En la situación de crisis revolucionaria por la que atravesaba España en 1933, la unidad de acción entre los obreros socialistas y comunistas acabaría imponiéndose, por lo que la aplicación de la táctica de frente único, en los términos propuestos por la IC en su llamamiento del 3 de Marzo, resultaba más que discutible. Por ese motivo cabe considerar que el Partido cometió un error al adoptarla, ya que le llevaba a enredarse en el juego oportunista y, a la postre, a atarse las manos para desarrollar un trabajo independiente entre las masas. Esto es lo que habría de suceder poco tiempo después con el efímero engendro de la Alianza Obrera, creada a iniciativa de socialdemócratas y trotskistas, en la que el PCE se verá obligado a ingresar (98). Por lo demás, suponer que los líderes reformistas se prestarían a facilitar ese frente único sólo podía confundir a los obreros y rehabilitarles ante sus ojos, cosa que hasta cierto punto va a suceder.
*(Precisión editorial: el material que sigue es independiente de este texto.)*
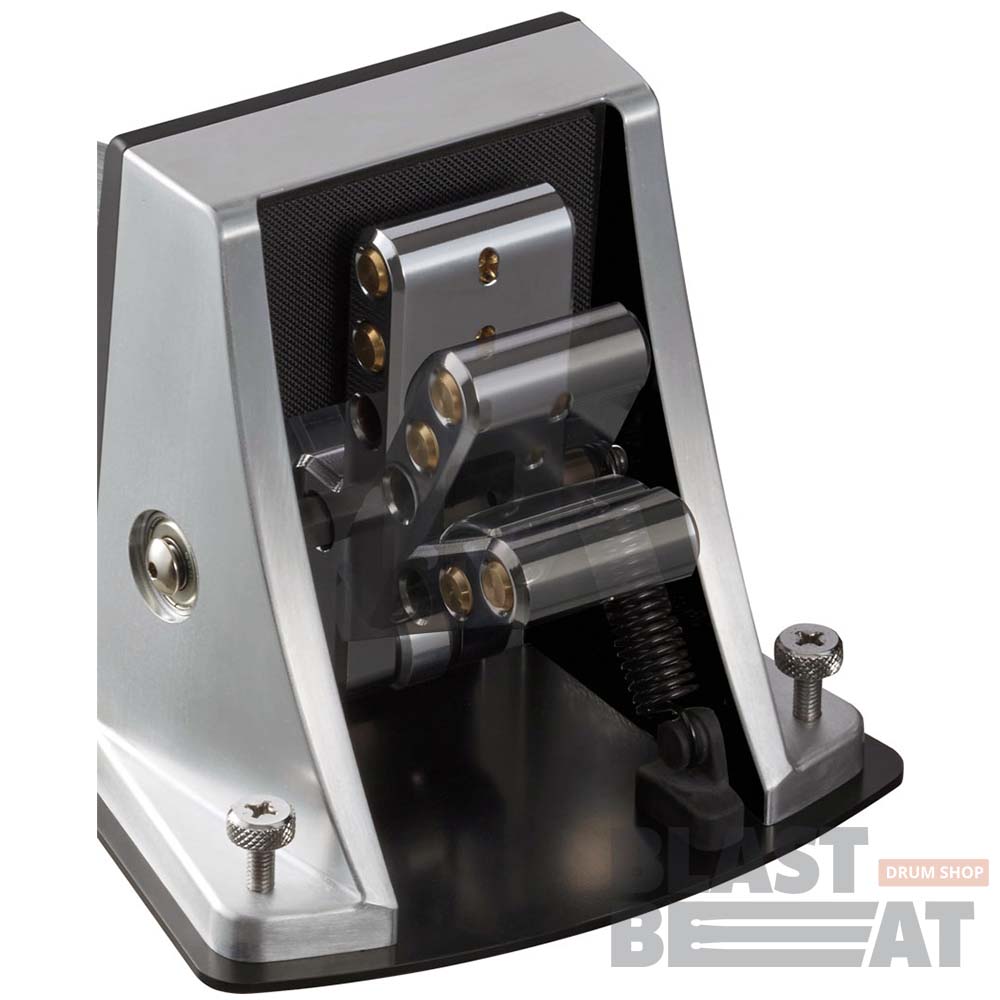 KT-10 имеет возможность регулировки хода педали для большего удобства игры. Достаточно убрать или добавить грузики в ударном механизме и отстроить натяжение пружины, и вы получите необходимый результат. Дополнительный вход позволяет подключить еще одну педаль KT-10 для игры на двух бас-бочках.
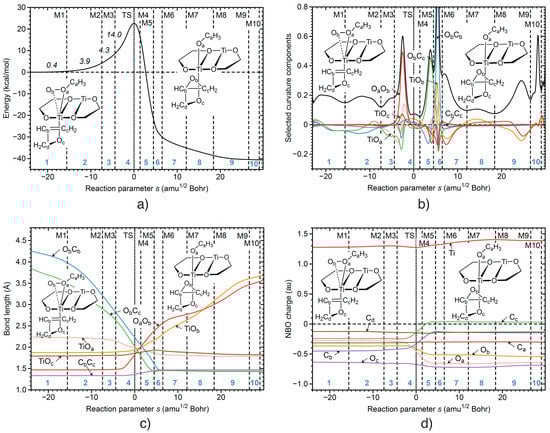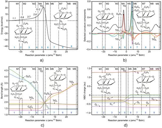 Figure 3. Properties of reaction R0 along the reaction path. (a) Energy profile, where the energy contributions of each reaction phase to the activation energy are indicated by italic numbers. (b) Decomposition of the reaction curvature into selected geometry components. (c) Change of selected bond lengths. (d) Change of selected NBO atomic charges. The curvature minima are shown as broken vertical lines and are labeled as M1, M2 and so on. The position of TS is indicated as a dotted line. The reaction phases are indicated by blue numbers. B3LYP/6-31G(d,p)/SDD(Ti) level of theory.
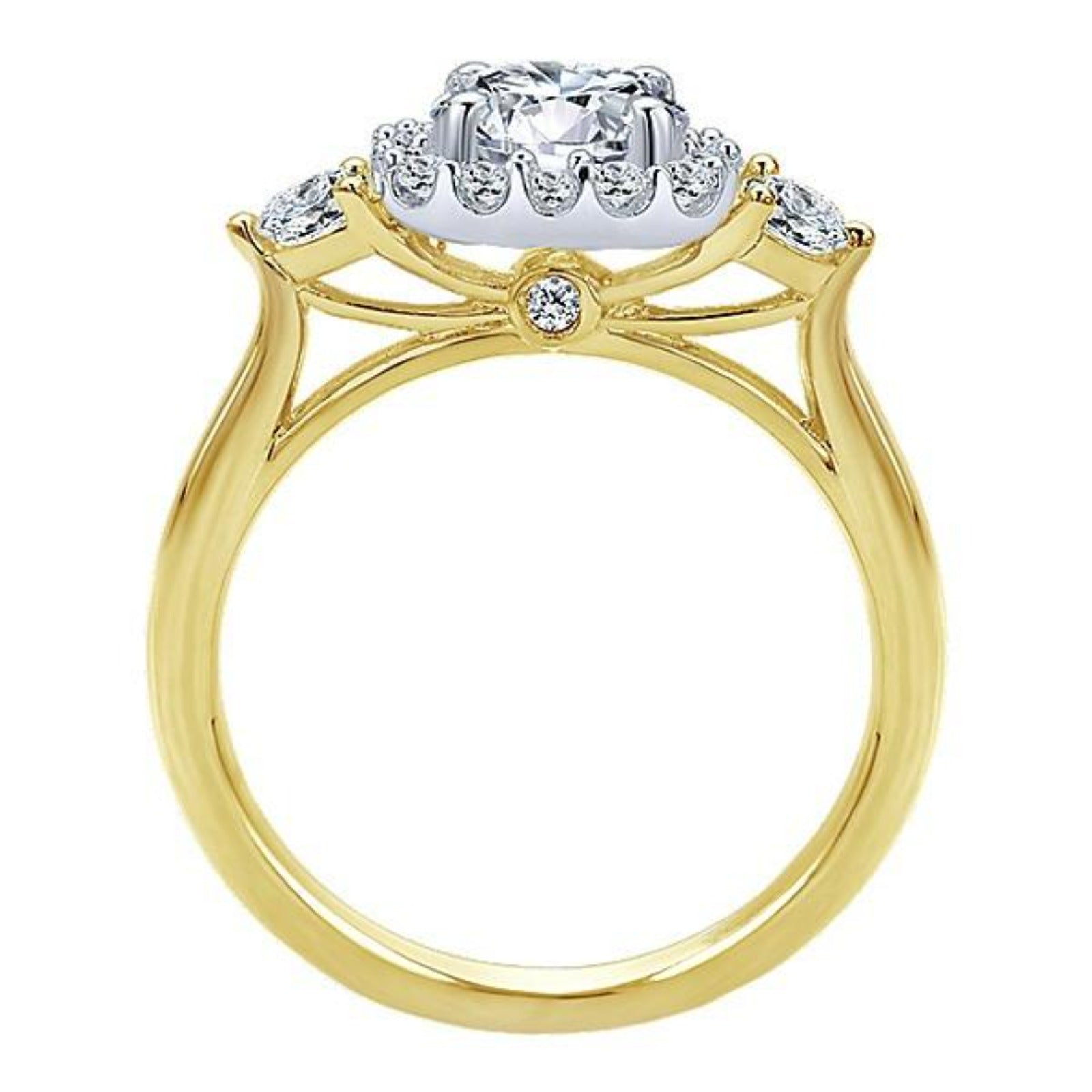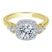 Elegantly crafted by Gabriel & Co., the "Martine" Three Stone Cushion Halo Diamond Engagement Ring exudes timeless romance. With a total weight of 0.52 carats of round-cut diamonds, this ring is a symbol of enduring love and commitment. The vintage-inspired cushion halo design adds a touch of elegance, making it a radiant expression of your unique love story. Available in 14K or 18K white, rose, or yellow gold and platinum, this ring can accommodate any size or shape diamond, allowing for full customization to suit your preferences.
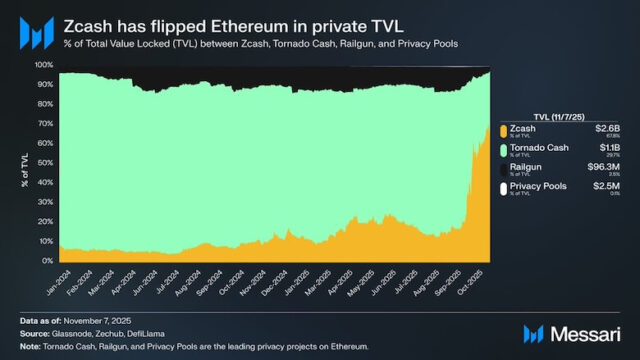 メッサリの2025年11月7日時点のデータによると、2024年1月1日時点でジーキャッシュのシールド(匿名化)総額は3,470万ドルだったのに対し、イーサリアムのプライバシープロトコルの総預かり資産(TVL)は約3.6億ドルでした。
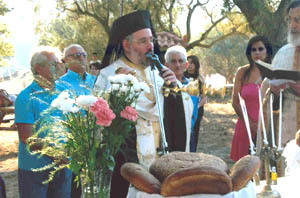 | (HCS)--Rye Beach, NH--The culmination of nearly ten years of efforts to revitalize a small mountainside village in Lesvos, the opening of the St. Nicholas-Christos and Mary Papoutsy Park and Amphitheater in August 2008 marked a significant point in the recent history of Vatoussa. For three days dignitaries, guests and villagers celebrated the inauguration of the park. Hundreds filled the park and surrounded its tiny chapel to hearVesper services and attend the blessing of the grounds by His Eminenece Metropolitan Chrysostomos of Mithymna. |
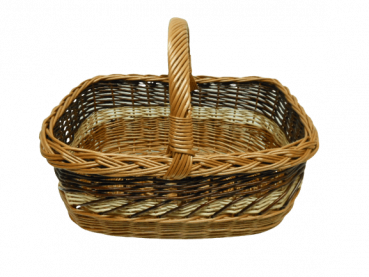 Der Korb ist rechteckig und der Henkel verläuft quer über den Korb.
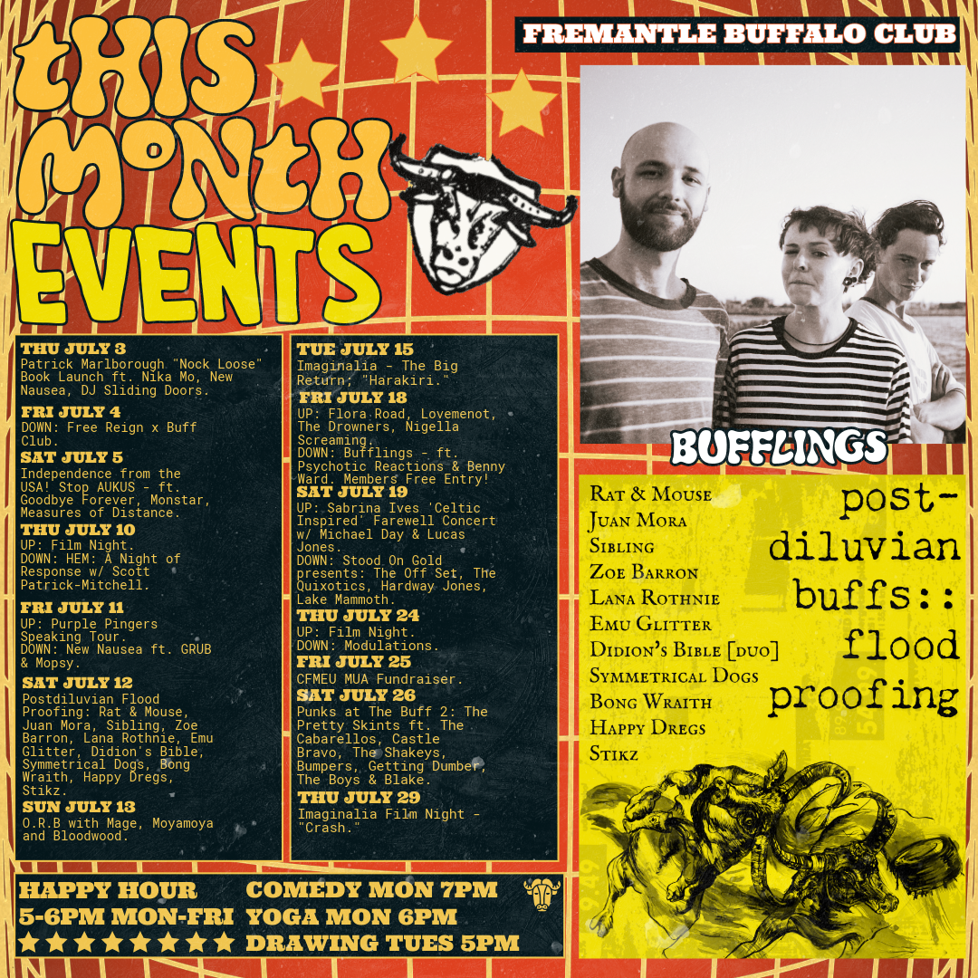 June was anything but sleepy. We kicked off with the thundering one-two punch of Didion’s Bible’s album launch and Clubb Medd, a double-header that shook the foundations upstairs and out the door. Sub-bass and syncopation met jangle-pop joy, proving once again that no building in Freo grooves like the Buff.
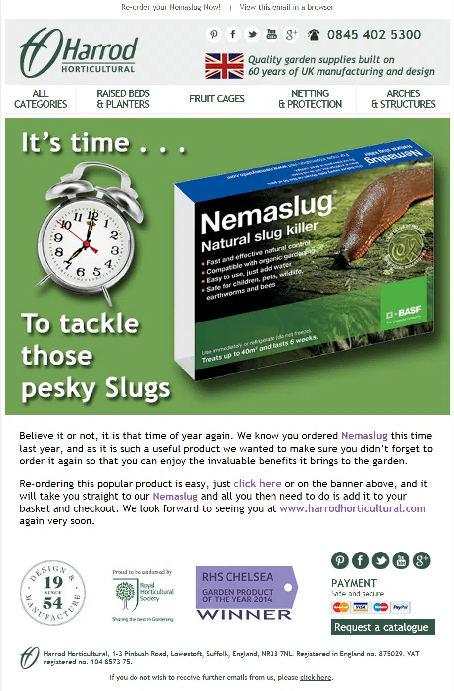 La plupart des produits ont un cycle de vie prévisible. Lorsqu’on connaît ce cycle, il peut être intéressant d’envoyer un email de ré-achat quelques jours avant la fin du cycle. Dans ce type d’email post-achat, l’objectif est d’inciter le client a ré-acheter le produit. Cette technique permet de générer des revenus récurrents. Voici un exemple (Harrod Horticultural) :
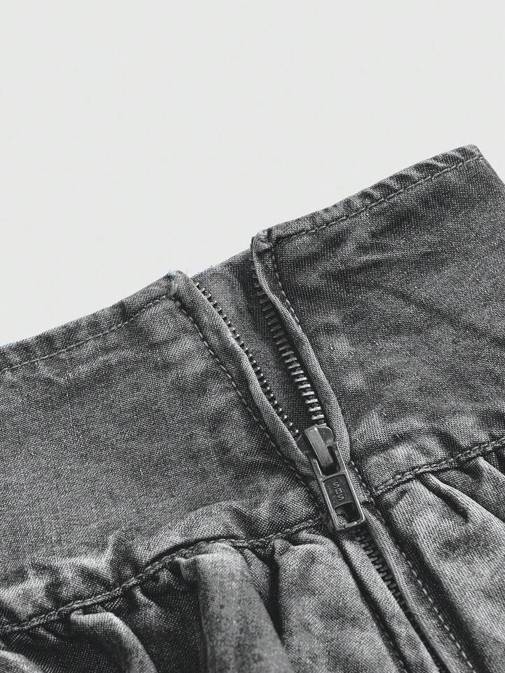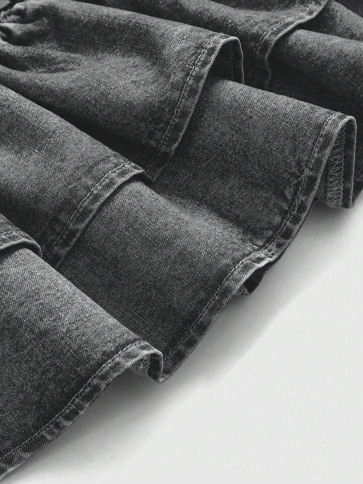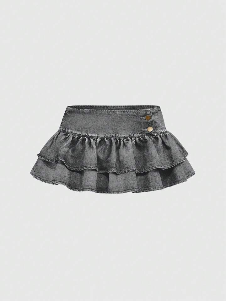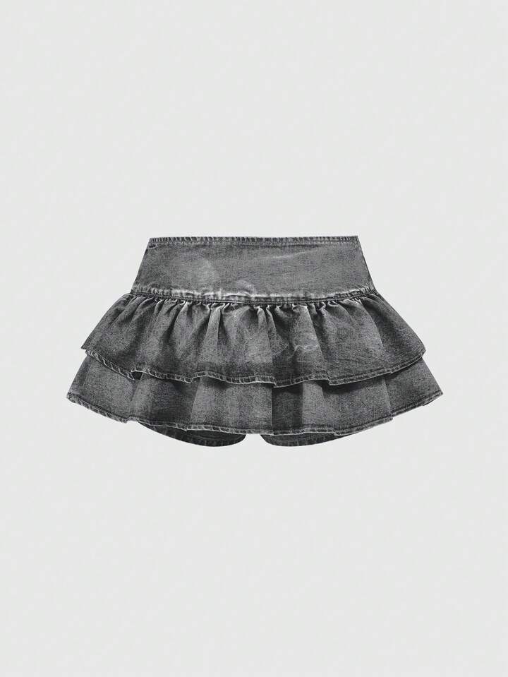 Grunge Punk Minifalda vaquera azul de cintura baja sexy con doble volante en el bajo, estilo retro Y2K
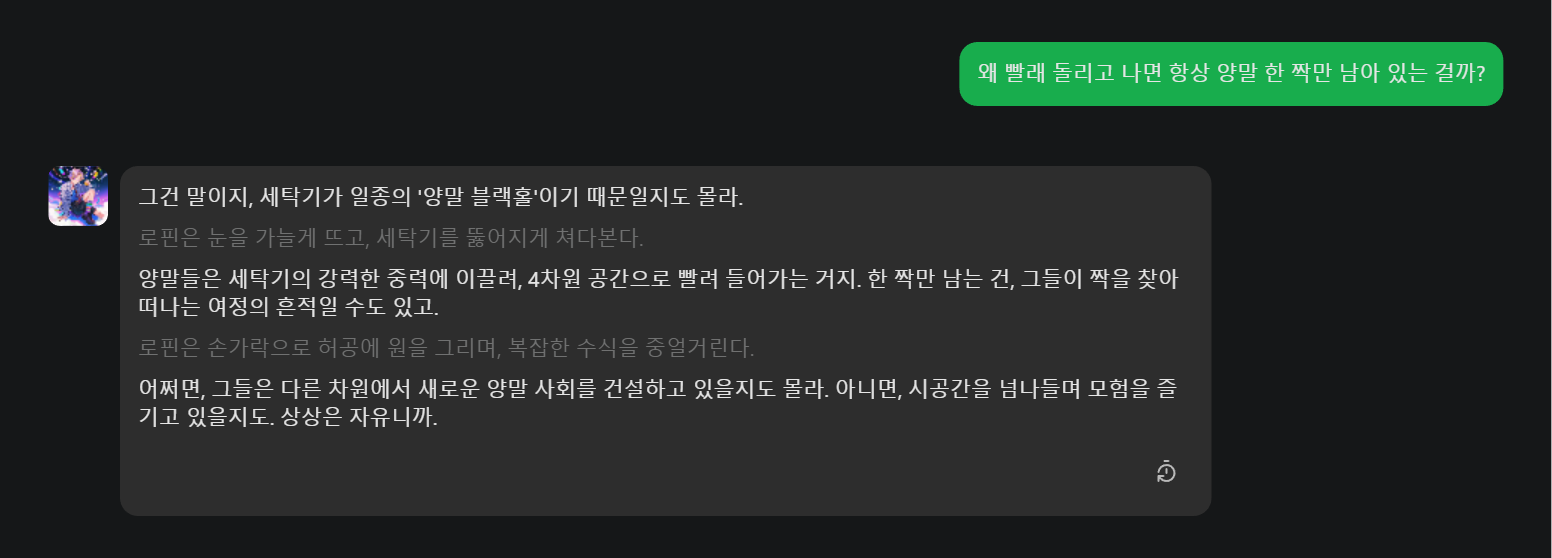 🤖 “그건 말이지, 세탁기가 일종의 ‘양말 블랙홀’이기 때문일지도 몰라.
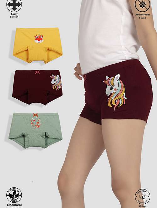 girls pack of 3 printed mid rise bloomer
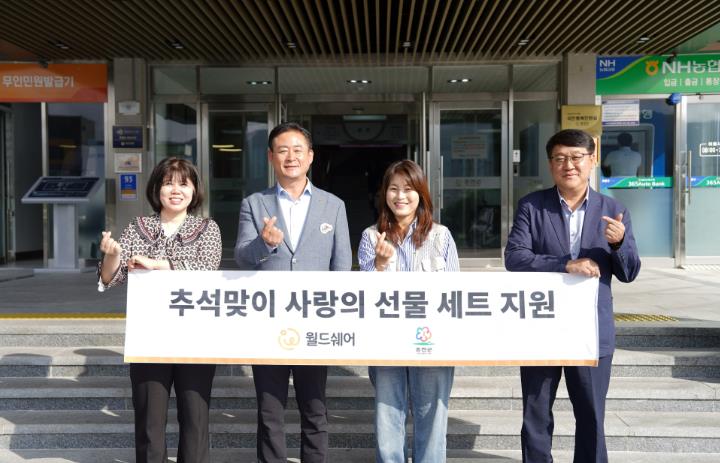 [뉴스스텝] 사단법인 월드쉐어는 9월 29일 홍천군청을 방문하여, 오뚜기 종합선물세트 150개(750만 원 상당)를 기탁했다.
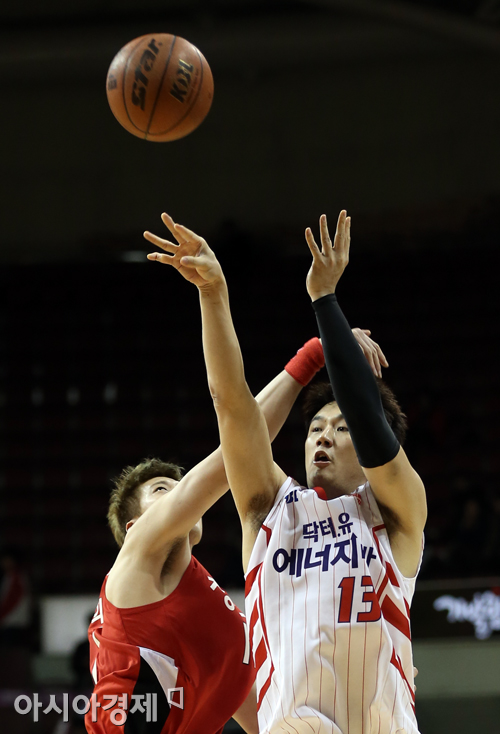 [안양=아시아경제 정재훈 기자] 24일 오후 안양실내체육관에서 열린 'KB국민카드 2013~2014 프로농구' KGC와 오리온스의 경기. 오리온스 김동욱이 슛을 쏘고 있다.
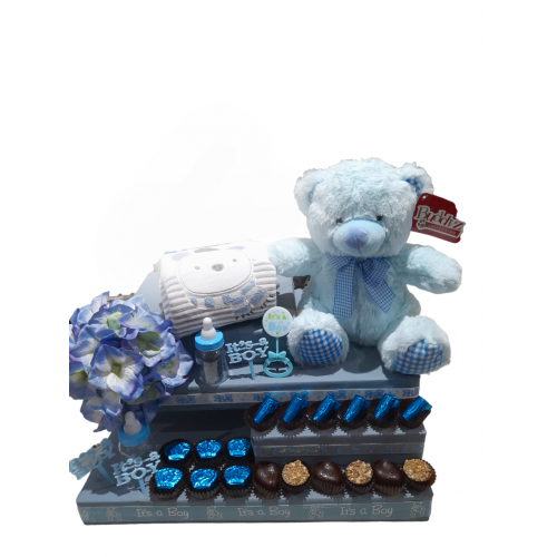 This beautiful baby boy arrangement will delight everyone. Gorgeous baby embellishments together with heavely wrapped chocolates for the family, elegantly decorated with ribbons, this arrangement will be a giant delight for the new family! Included is a gorgeous babygro and plush Teddy bear.
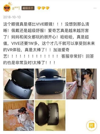 雙十一矚目的戰(zhàn)績展示了愛奇藝的市場認可度,而消費者真實使用后的反饋更是體現(xiàn)出了其VR產品強大的“用戶緣”。愛奇藝奇遇VR在天貓、京東等電商平臺評論已近萬條,好評率達到了業(yè)內頂級的98%。

Esta concepción errónea de la unidad va a traer consecuencias muy negativas a la hora de orientar correctamente la táctica de Frente Popular, de tal manera que la ampliación de ese frente único (sin lucha y por arriba) de la socialdemocracia a la burguesía republicana habrá de llevar al Partido a cometer serios y graves errores en su aplicación.
A la vez que el trabajo destinado a lograr la unidad y organización independiente de la clase obrera, ya por entonces el Partido desplegó una labor encaminada a desarrollar la lucha política y a despertar la conciencia de los trabajadores sobre el peligro que representaba el ascenso del fascismo. Desde su primer llamamiento a las organizaciones obreras a un frente único, el Partido situó la lucha contra el fascismo en un primer plano en todas las luchas y movilizaciones de masas por él promovidas. Paralelamente impulsó la creación de un embrión de frente unitario popular en el que, junto al PCE, Unión de Juventudes Comunistas (UJCE) y sindicatos afines, figuraban la Juventud de Izquierda Radical-Socialista y destacados intelectuales y artistas (99).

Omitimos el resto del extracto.